There's gotta be another way!

It sure was an idea, trying to surprise Brass, but getting anywhere near that ass, though? That just seemed like a fancy way of committing suicide.

Texas weighed her options. Sure, she could try for a stealthy approach, but what would that leave her if she was caught? She certainly couldn’t try taking Brass on in any direct capacity, duel or no. But there had to be a way! Every man had his weakness, and Texas just had to find it before--

“UUURRRP! Ey barmaid, why’s my glass empty?” Brass roared, slamming his mug on the counter so hard that it was a surprise he didn’t shatter it.

Annabelle, the proud owner of the Crushed Weasel, rushed to Black Brass with a fresh mug of froth. She seemed oddly complacent in the fact that her bar was being dominated by the oppressive bull. In fact, the distracted, dreamy look in her eyes gave away just how thrilled she was to be servicing the macho longhorn.
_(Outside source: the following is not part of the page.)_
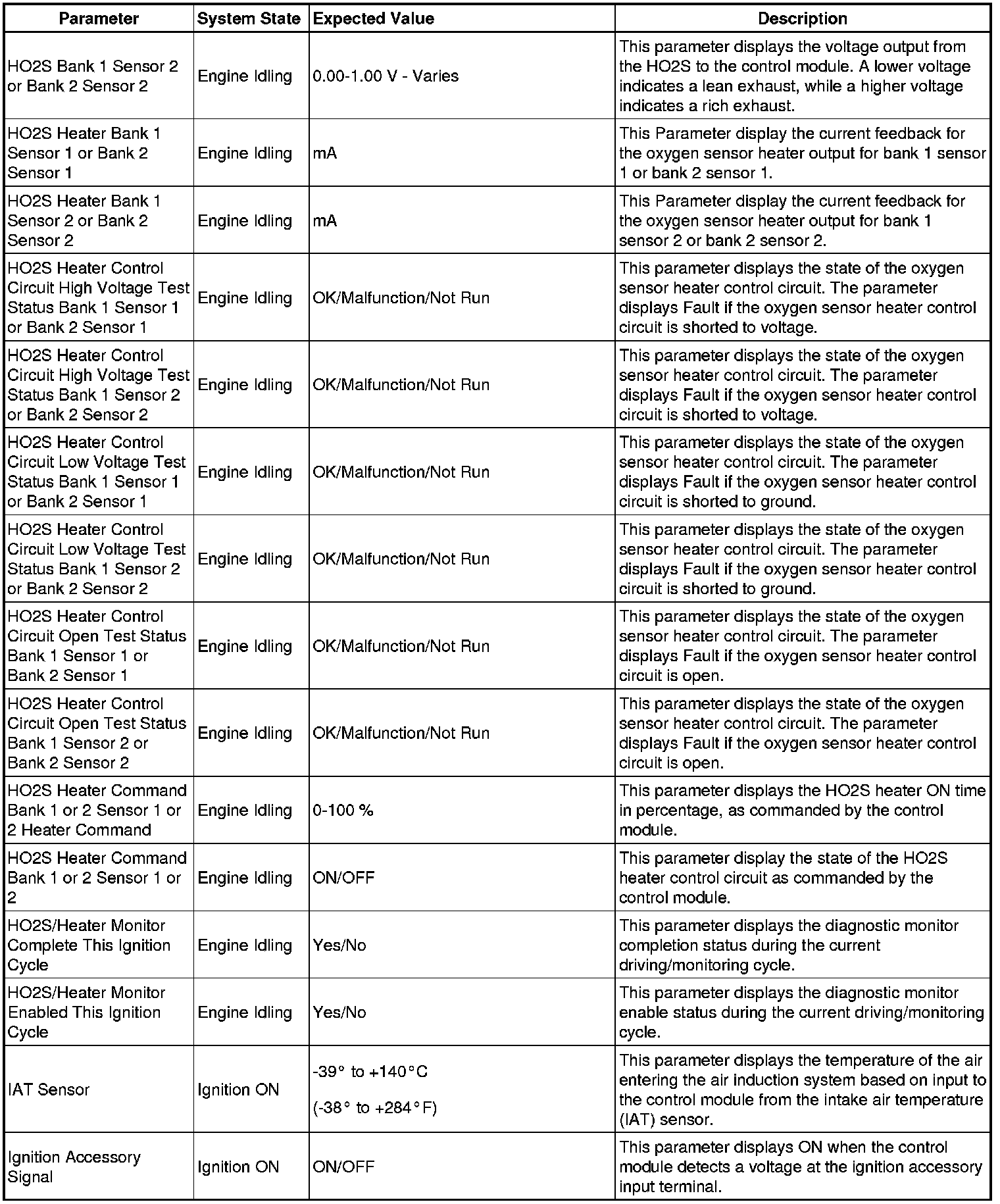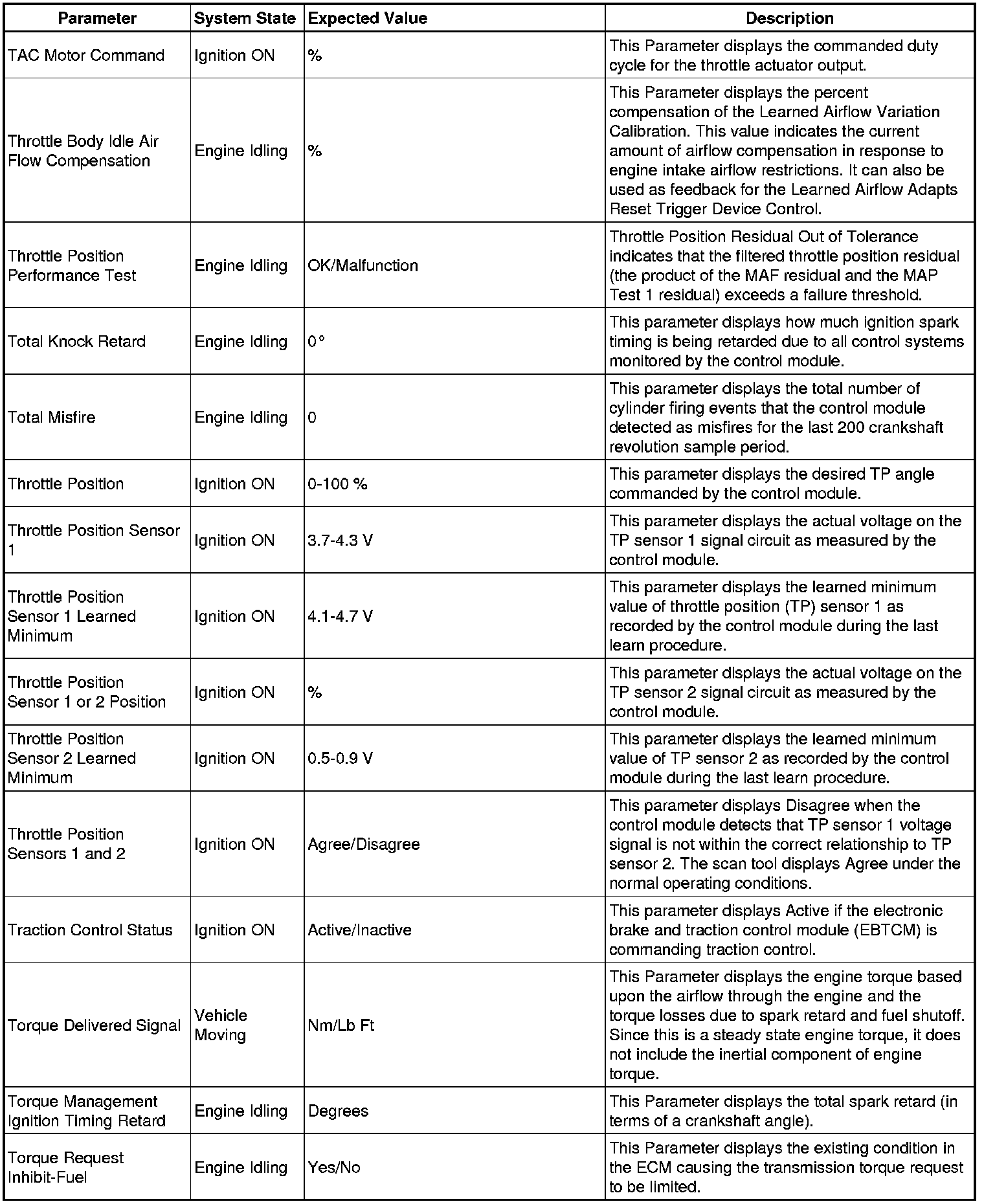 Only the parameters listed below are referenced in this service manual for use in diagnosis.

Must’ve been a cow thing, because she was about the only lady in the bar not nauseated by the masculine musk rolling off of him.

“Here ya go fresh from the tap, just lemme know if ya need anything else ya big hunk of man~” She said, fluttering her eyelashes his way.

“Yeah, I need a fartsponge that can last at least a whole round, dammit!” Brass growled, without so much as looking up from his drink, “I thought you ran a brothel here, not a daycare!”

“Er, well, actually the brothel’s down the street, these girls are just--” Annabelle shook her head, “Oh nevermind! Prudence! Get your damn face in there or you’re fired!”

As another unfortunate dancer girl submitted herself to Brass’s ass, Texas found herself with a plan of her own! It was just about as risky as planting her lips on his rim, but it had a much better chance of success. Brass seemed to be content with swigging whatever swill was put in front of him, and while it was hardly a noble or honorable way to go about busting a baddie, Texas could certainly use that against him! Especially with Annabelle so utterly distracted by his “rugged charms”.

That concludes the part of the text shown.